About this exercise: Copying rule for the data below: pictures stay out, and only the lines from the one with "Test videos shape" down to the one with "This pack of", inclusive, are repeated exactly.

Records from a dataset

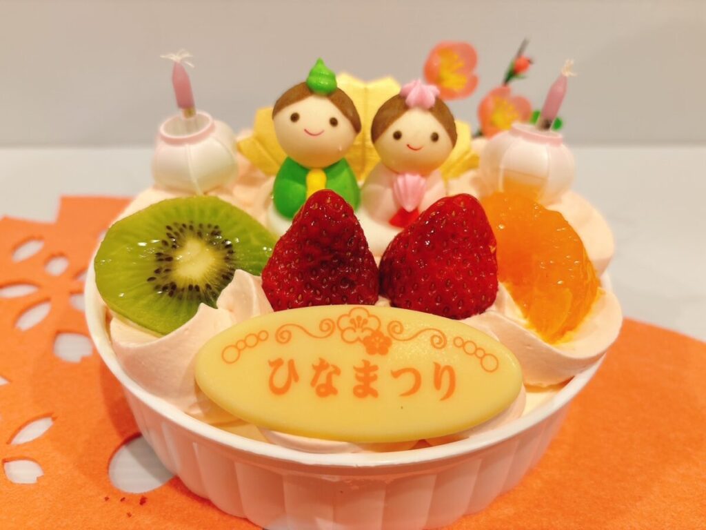桃の節句デコロング・ひなデコケーキ(生クリーム&生チョコ)小さなカップショート等々♡他にも雛フロマージュや雛プリンアラモード等のホールケーキもご準備しております!是非お買い求めください✿
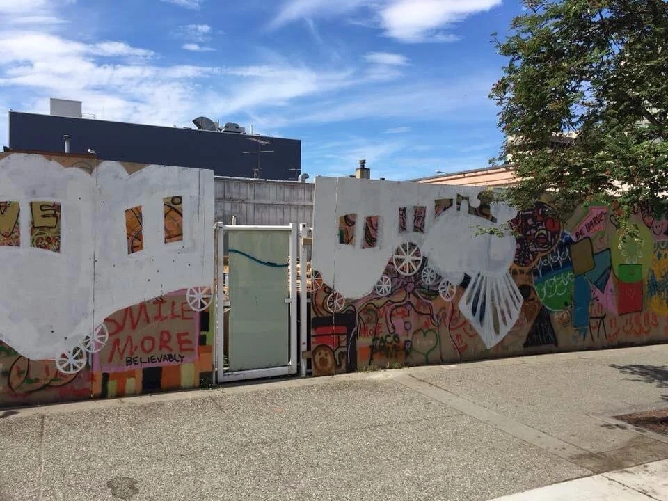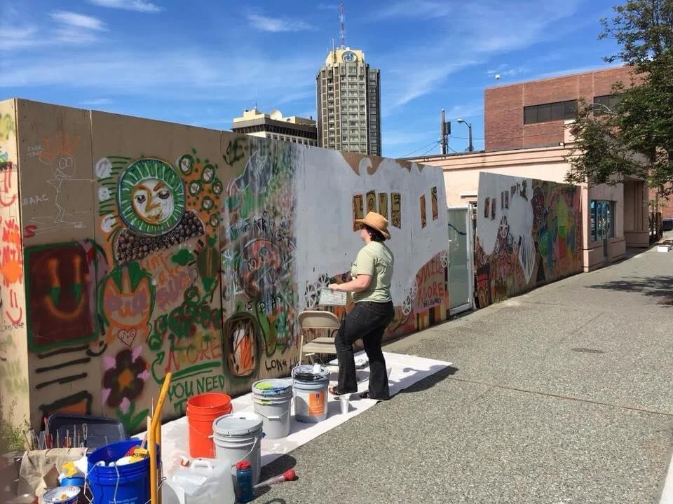 A community centered mural tying downtown Anchorage, Alaska to the nearby railroad system, one of the central unifying transportation systems in the state. Community members joined in during the process to put ‘their piece’ up, while the larger theme was unified via Vanessa Sweet and Ted Kincaid.
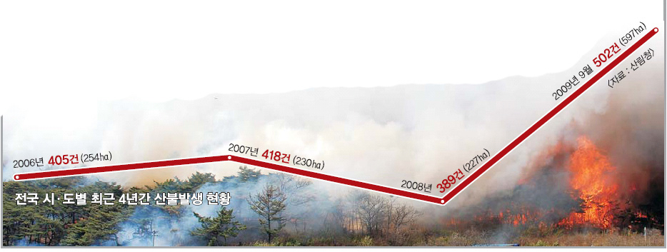 8일 경북도 등에 따르면 올 1월부터 5월15일까지 경북지역에서 발생한 산불은 117건으로 2007년 같은 기간 53건, 2008년 44건보다 최대 3배 가까이 증가했다. 피해 면적도 268㏊로 2007년 60㏊, 2008년 17㏊보다 많게는 16배나 늘었다. 산불 진화에 동원된 해당 지자체 공무원과 산불 진화요원, 주민, 군인 등도 예년의 1만~2만명에 비해 3만 9000여명으로 급증했다.
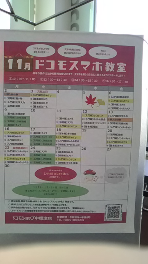 「ドコモスマホ教室」11月分のスケジュールを店頭受付と東武サウスヒルズ入口に設置しましたので、野菜の収穫や漬物作りなど、冬支度の合間にぜひご覧ください^ ^
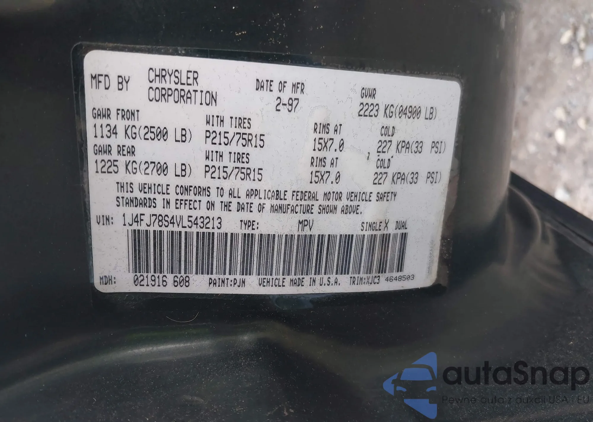 • VIN 1J4FJ78S4VL543213
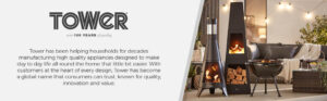 Tower T978509 Obelisk Wood Burner with Wood Storage Block, Black
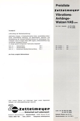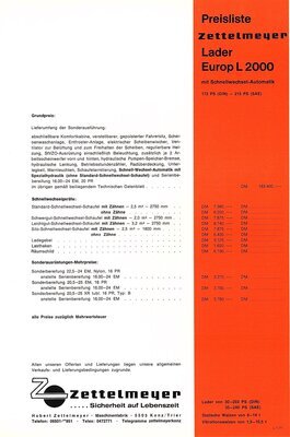 Aus dem Jahr 1971 sind Original Preislisten verschiedener Maschinen der Firma Zettelmeyer erhalten geblieben. Neben dem Grundpreis sind die Aufschläge für Zubehör und Sonderausstattungen abgegeben. Auf insgesamt 20 DIN A4 Seiten sind die unterschiedlichsten Maschinen Typen enthalten. Dazu gehören u.a. der Lader Europ L 500, Lader L 800, Lader L 1000, Lader L 1500, Lader L 2000 aber auch die Vibrations-Tandemwalze VTL, VTM und VT 7. Hinzu kommen noch die Preislisten der Zettelmeyer Vibrationsanhänge- Walz VA 3, die Vibrationsabhängewalze VAM und die Größte VAS mit10.5 to. Gewicht. Die Serie der 3 Rad-Walzen Europ S 8, S 10 und S 12 sind auf einer Preisliste zusammengefasst.
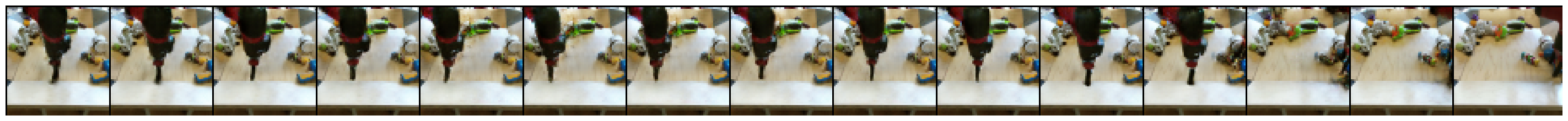 Test videos shape [batch_size, start/end frame, height, width, num_channels]: (16, 2, 64, 64, 3)
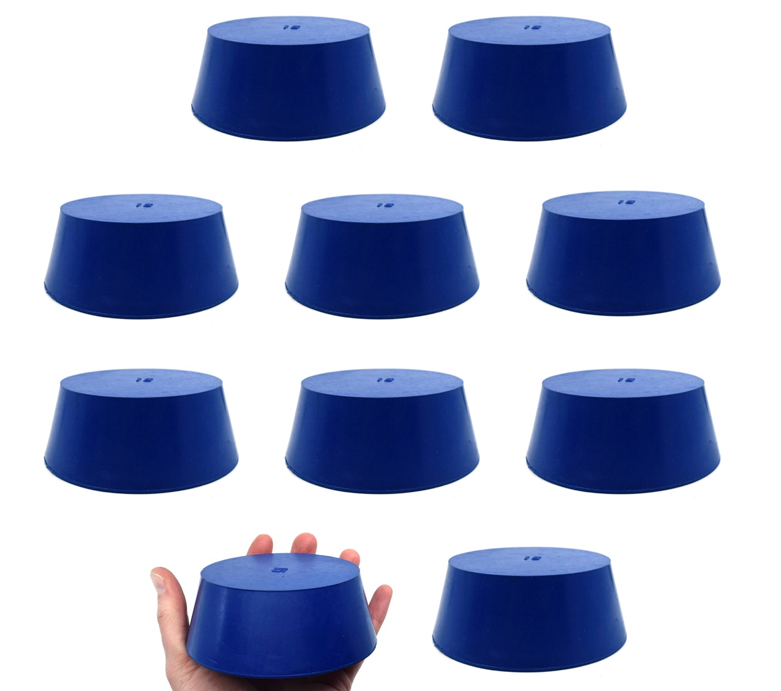 This pack of ten #15 stoppers is made of solid, long-lasting neoprene rubber in a blue color. Manufactured according to sizes recommended by ASTM standards, each stopper measures 39mm in length, with a base diameter of 83mm and a top diameter of 103mm. The neoprene rubber construction makes them suitable for use with petroleum products, minerals, oils, and fats, as well as most inorganic acids and bases. They are resistant to temperatures ranging from -40°C to 130°C.
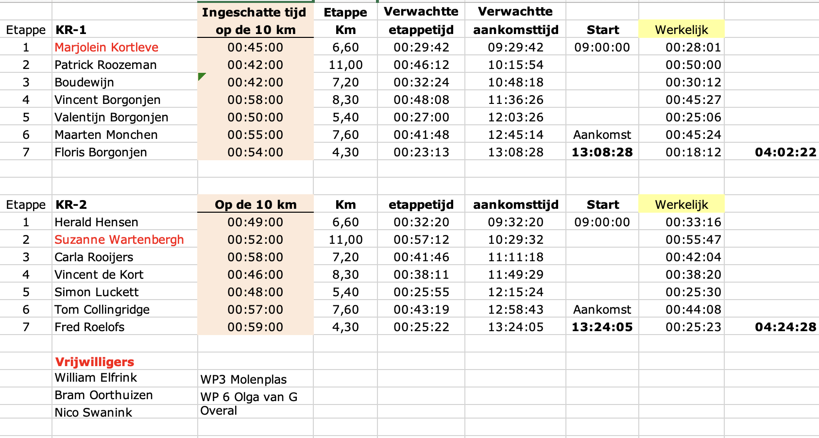 Met twee complete teams stonden we aan de start van de 20e editie van het Rondom Haarlem estafetteloop. Het is geen wedstrijd, maar poeh, poeh, wat werd er hard gelopen. Niet in de laatste plaats om te voldoen aan de verwachtingen (zie laatste plaatje hieronder). En zo werd iedereen een winnaar: team 1 kwam ruim 20 minuten eerder bij de finish dan team 2, en team 2 zat nog geen minuut naast de verwachtte eindtijd. Een mooi resultaat.
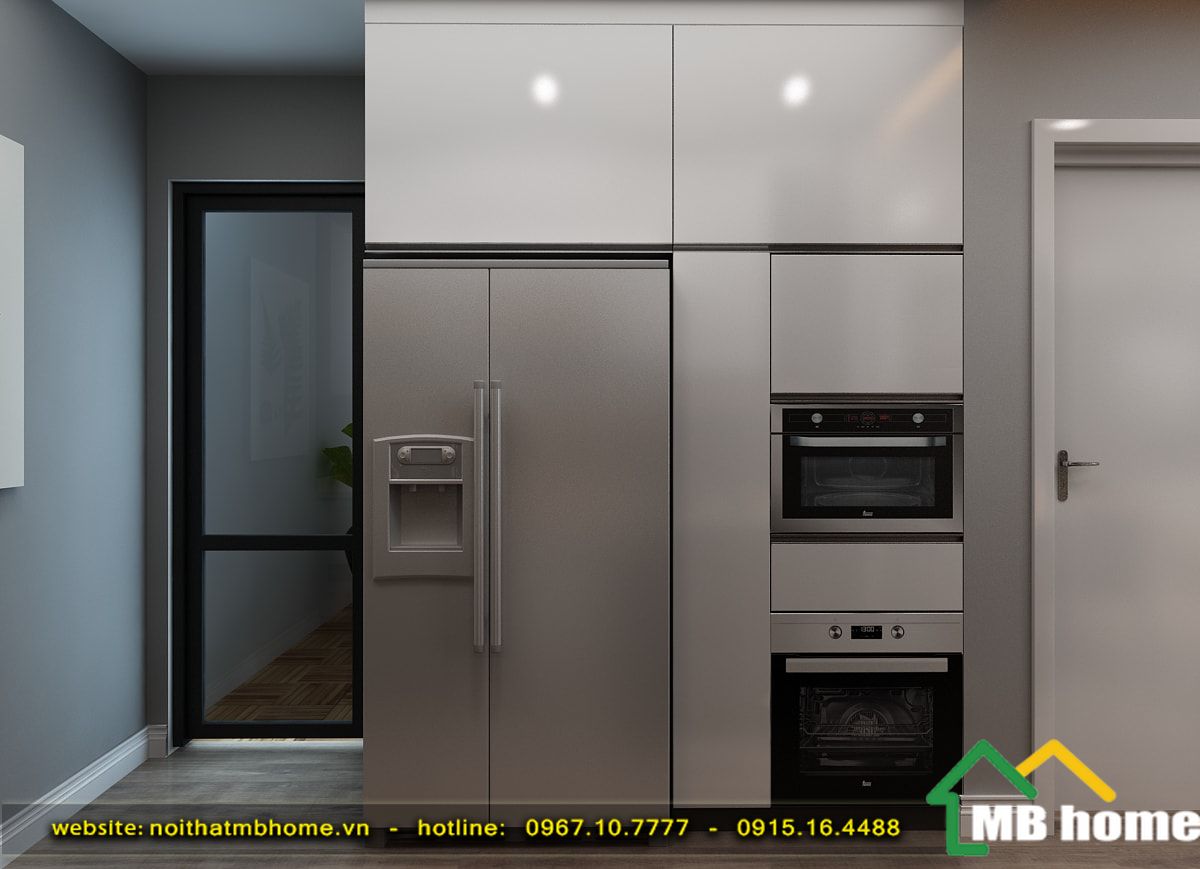 Nơi để tủ lạnh và lò vi sóng ... thiết kế chìm tiết kiếm tối đa diện tích bếp

Response to this exercise:
 Test videos shape [batch_size, start/end frame, height, width, num_channels]: (16, 2, 64, 64, 3)
 This pack of ten #15 stoppers is made of solid, long-lasting neoprene rubber in a blue color. Manufactured according to sizes recommended by ASTM standards, each stopper measures 39mm in length, with a base diameter of 83mm and a top diameter of 103mm. The neoprene rubber construction makes them suitable for use with petroleum products, minerals, oils, and fats, as well as most inorganic acids and bases. They are resistant to temperatures ranging from -40°C to 130°C.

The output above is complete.